B. Sentences 1 and 2 describe the early history of comic book characters, focusing on the artists who created them. Sentence 3 explains how the heirs of those artists are selfishly trying to reap benefits from the creators of their ancestors.
C. Sentences 1 and 2 talk about creators of early comic book characters and how devoted they were to their creations, so much so, they didn’t care about getting paid. Sentence 3 contrasts those early creators to their heirs, who are earning huge sums of money thanks to a new copyright law.
3. (1) In 2013, bantamweight fighters Ronda Rousey and Liz Carmouche climbed into the ring for the first female Ultimate Fight Championship (UFC) bout in history. (2) Naysayers expected both the event and the idea of women being part of the UFC to fail big time. (3) Instead, a year later, Rousey was one of the UFC’s biggest stars, and nobody doubted that women had become part of the UFC world.
A. Sentences 1 and 2 start tracking a sequence of events while sentence 3 contributes a third event to the series.
B. Sentences 1 and 2 describe the prejudice again women in the UFC, and sentence 3 explains how that prejudice has been eliminated.
C. Sentence 1 introduces an event, the fight between Rousey and Carmouche, while sentence 2 describes predictions made about the event. Sentence 3 makes it clear just how wrong those predictions were.

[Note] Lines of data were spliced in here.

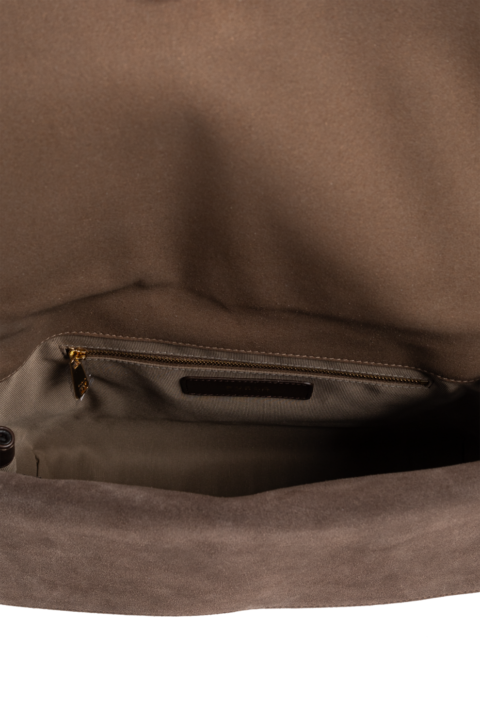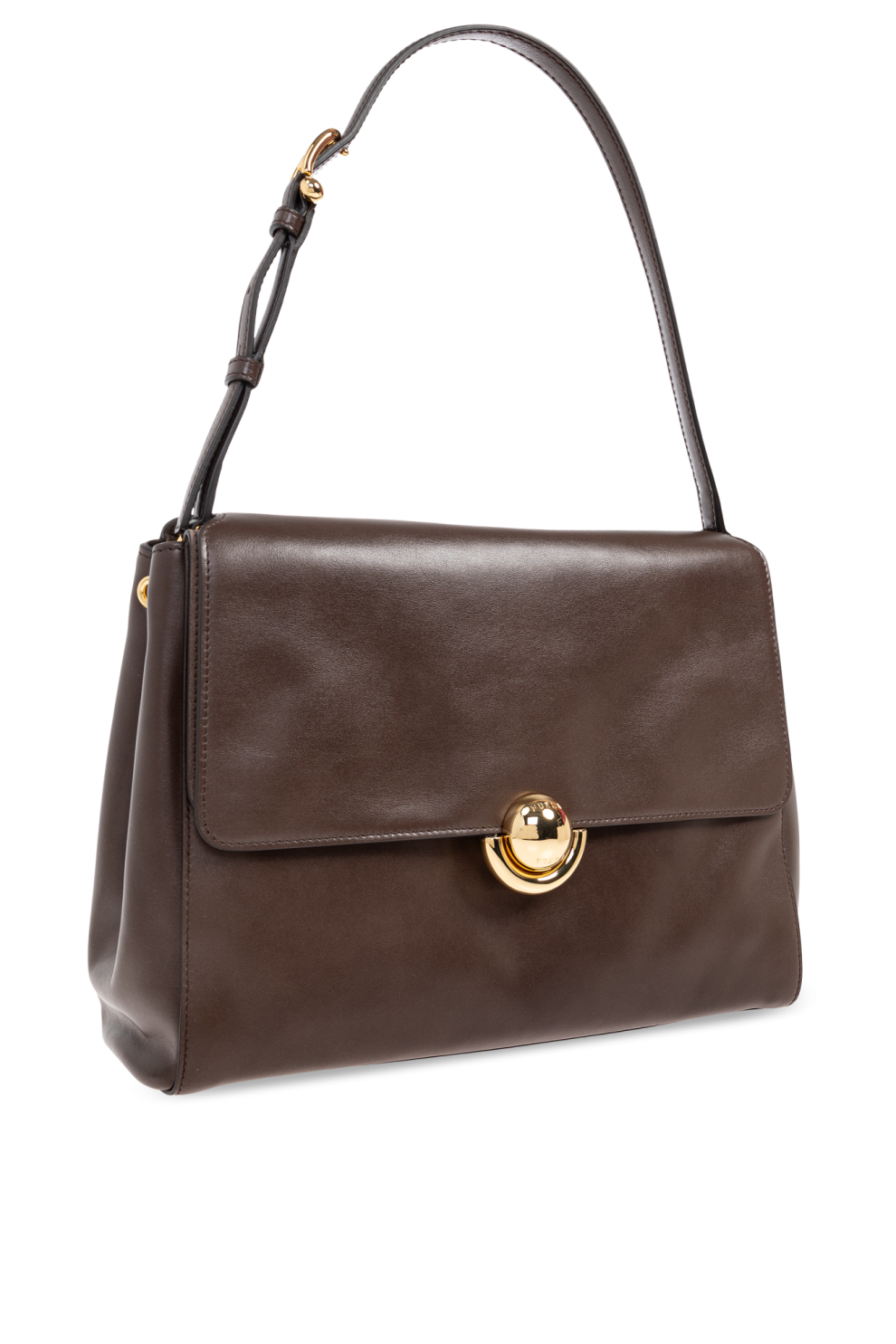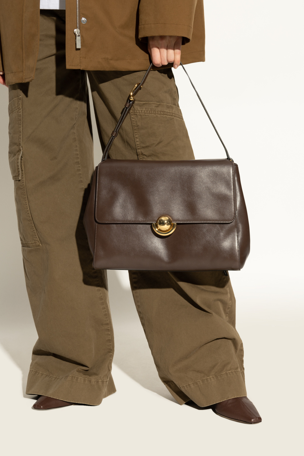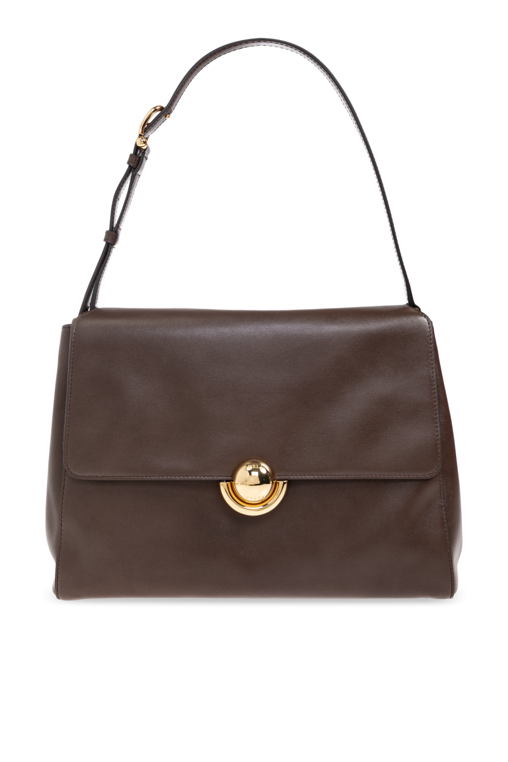 Эта модель оснащена эффектной сферической застёжкой золотистого оттенка с выгравированным логотипом бренда. Сдержанная подпись дизайнера также украшает заднюю часть сумки. Тщательно проработанная внутренняя этикетка и детали демонстрируют мастерство исполнения. Благодаря минималистичному дизайну сумка идеально дополнит любой наряд, подчеркнув индивидуальный стиль своей владелицы.
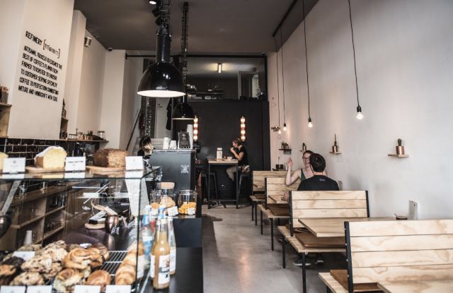 现在精品咖啡馆不单要拼咖啡,还要拼自家店面设计,好看真的是吸引路过客户进入的一大原因啊!不过,做了功课专程跑去这家的。这家之前用了和Noma一众一个品牌的豆子,这次去的时候,店里咖啡使用的豆子来自柏林的Bonanza和伦敦的Dark Art Coffee。 - Cold Brew:冷萃和氮气咖啡觉得对真爱了。用的是Dark Art Coffee Thelema,秘鲁的豆子,闻着就很清香,是两人都很喜爱的风味,微微的果酸中有着坚果风味,伴着花清香,很棒了!专门查了官网,可惜Thelema这款已经在网店里找不到了,否则妥妥的下单回家让朋友手冲。 - Espresso:可以在Bonanza和Dark Art Coffee中选一款,朋友当然选了两人没尝过的后者,酸度有些高,但不至于吃不消。
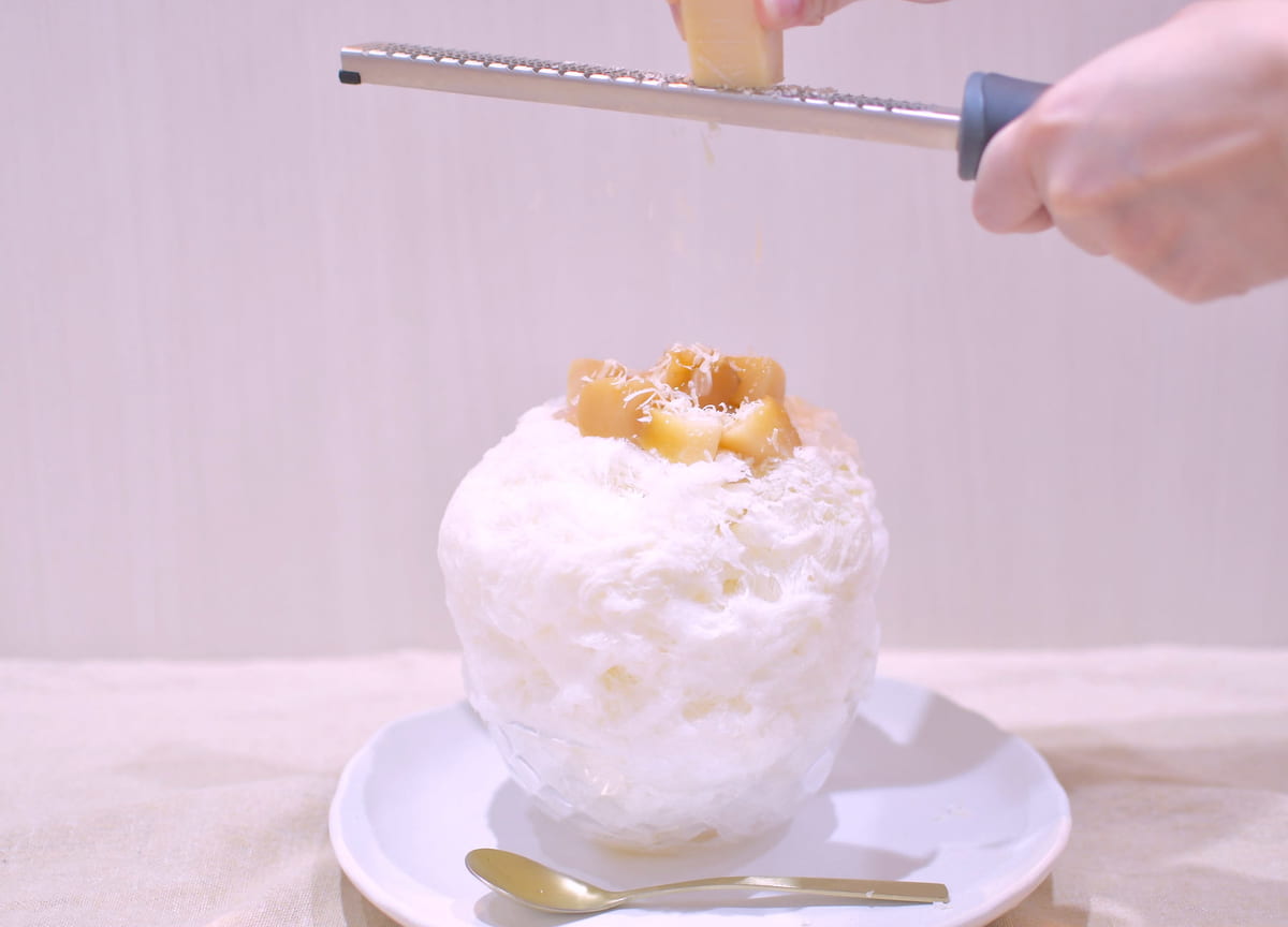 トップにはジャスミンでコンポートした桃が載り、仕上げにグラナパダーノチーズを目の前で掛けてもらって完成する贅沢なかき氷。
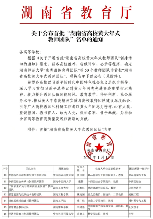近日,湖南省教育厅公布首批“湖南省高校黄大年式教师团队”评选结果,开元官网曾广胜教授领衔的“绿色低碳功能建材教师团队”成功入选。全省共50个团队获此荣誉,此次入选标志着开元官网在教师队伍建设与学科发展上取得重要突破。

4. (1) Methamphetamines, central nervous stimulants that are highly addictive and dangerous, have recently gained in popularity, but they are certainly not new to the drug scene. (2) During the Second World War, soldiers on both sides used it to reduce fatigue and enhance performance. (3) In fact, Adolf Hitler was widely believed to be a meth addict. (Adapted from Linda A. Mooney et al., Social Problems, 8e, Cengage Learning, p.79)
A. Sentence 1 emphasizes that Methamphetamines are not new drugs. Sentences 2 and 3 explain why the drug has recently gotten so much attention.
B. Sentence 1 explains that, despite an increase in popularity, methamphetamines are not new drugs. Sentences 2 and 3 indicate how far back their use actually went.
C. Sentence 1 loosely defines methamphetamines as "central nervous stimulants" and says they are dangerous. Sentences 2 and 3 then expand upon that point with illustrations of the drug’s dangers.
5. (1) Feral, or wild, hogs, are among the most gruesome and destructive of invasive species. (2) The federal government estimates that there are now five million hogs in 35 states, resulting in 1.5 billion in damages and control costs every year. (3) In its literature, the Department of Agriculture suggests the extent of the problem by referring to the hogs as a "pandemic, " a wide-ranging infection that covers large regions and populations. (Adapted from Jon Mooallem, "The Swarm," New York Times Magazine, December 8, 2013, p. 42)
A. Sentence 1 specifically describes the damage hogs have done throughout the United States while sentences 2 and 3, make the financial costs more specific.
B. Sentence 1 offers a general description of feral hogs, emphasizing that they are a gruesome and destructive problem. Sentences 2 and 3 explain more specifically how gruesome and destructive the hogs are. In effect, they tell the reader how big the problem really is.
C. Sentence 1 describes how to address the problem of wild hogs throughout the nation’s rural areas. Sentences 2 and 3 suggest that the federal government needs to step in to address the problem.